(490) El humanismo "piadoso", ¿adónde nos lleva?
Los emblemistas de nuestro Siglo de Oro, cristianizando a los estoicos con una buena dosis de sabiduria tomista, fundamentaban la virtud de humildad en el autoconocimiento de la propia condición metafísica del hombre, verdadera y propia causa segunda de todo el bien natural y sobrenatural.
El gran Francisco Gómez de la Reguera, por ejemplo, comienza con una significativa cita de Séneca el comentario a su empresa de la pirámide (XII), para Enrique IV de Castilla: «lo mejor es sufrir lo que no puedes enmendar, y seguir a Dios, de Quien proviene todo, por ser su autor.
Al principiar el cuerpo del comentario, Gómez de la Reguera va explicitando la sana metafísica clásica que (sobreentendida en nuestra tradición local hispana), da razones objetivas a la humildad para sustentarse en Dios:
«Si nada se hace sin causa, como dicen los filósofos, ¿cómo podrán obrar las segundas causas sin disposición de la primera, que es Dios? De cuya inmensa sabiduría dependen nuestras humanas acciones y sucesos, siendo árbitro y rector de todo lo criado, cuya divina providencia nos asiste, rige y defiende, y que quiere muchas veces fuera de nuestra opinión, aunque no de la razón, gobernarnos por accidentes y segundas causas, para mostrarnos así cómo su inmenso poder lo gobierna y dispone todo».

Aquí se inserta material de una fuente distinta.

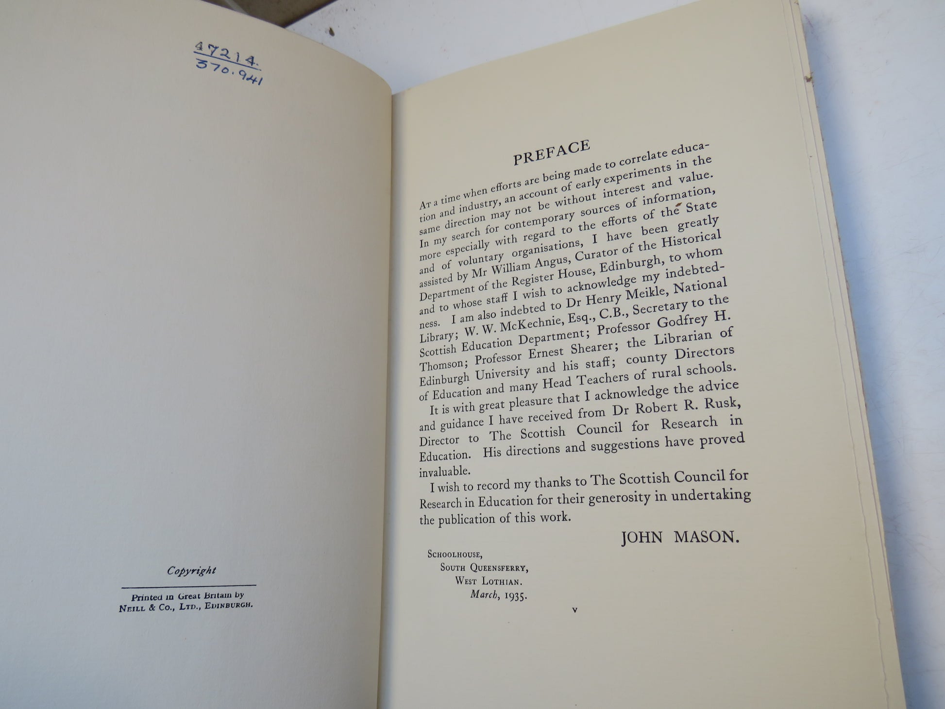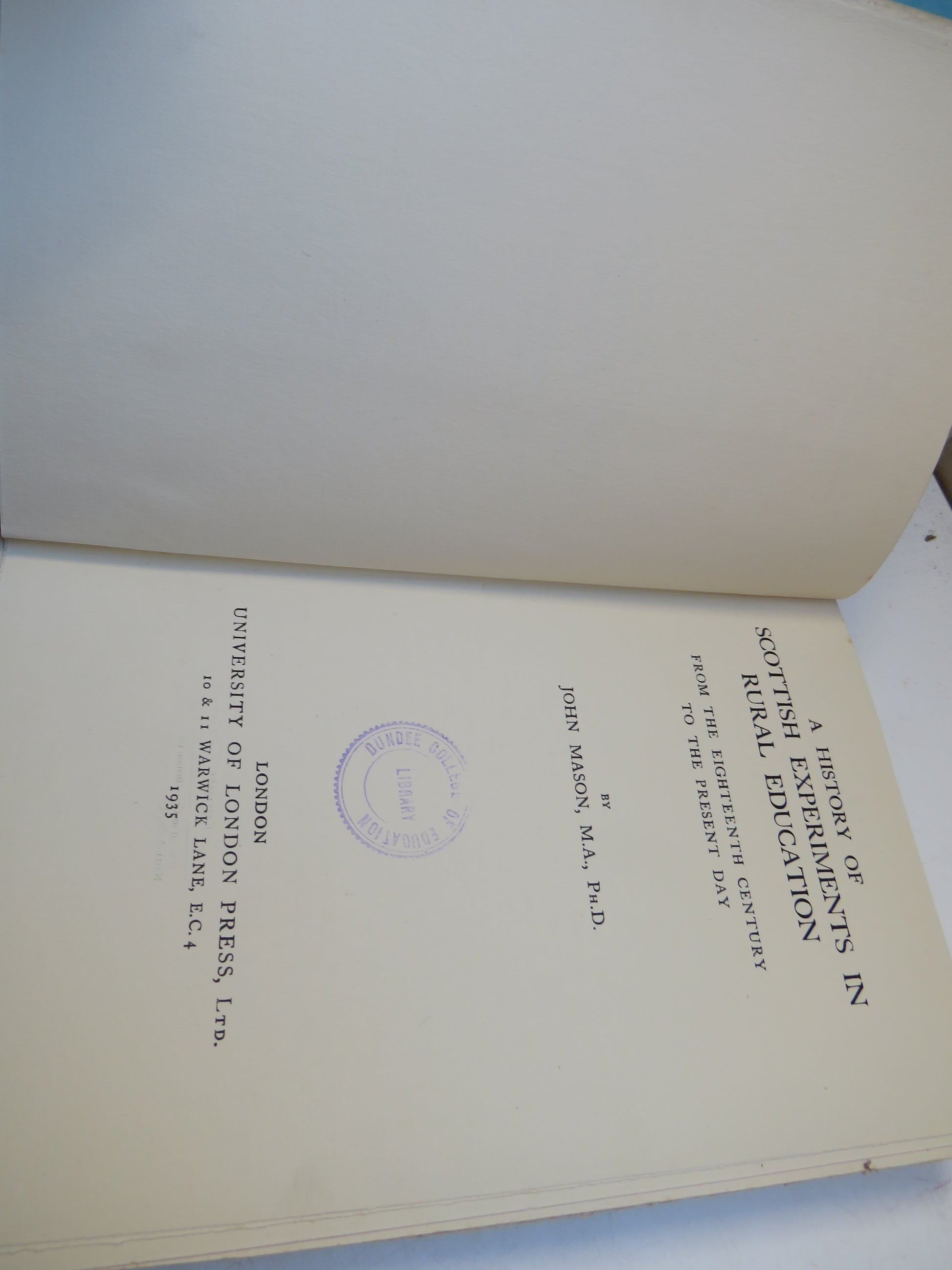 Book For Sale - A History of Scottish Experiments In Rural Education From The Eighteenth Century To The Present Day By John Mason 1935

Y es que la buena filosofía nos enseña que las causas segundas, en el orden creado, no son meras apariencias. Son verdaderas causas segundas. Dios actúa en ellas, con ellas y a través suya. Y lo mismo en el orden sobrenatural. Dios suscita su acción verdadera, no las suple, no las vuelve ociosas, ni vanas. Por eso, se dice que el auxilio divino, natural o sobrenatural, no es necesitante: es decir, que ni es determinista, ni suprime el acto, ni crea necesidad, ni mueve a las criaturas como si fueran títeres. Antes bien sustenta su vida virtuosa, moviendo al hombre a moverse a sí mismo en el orden del bien.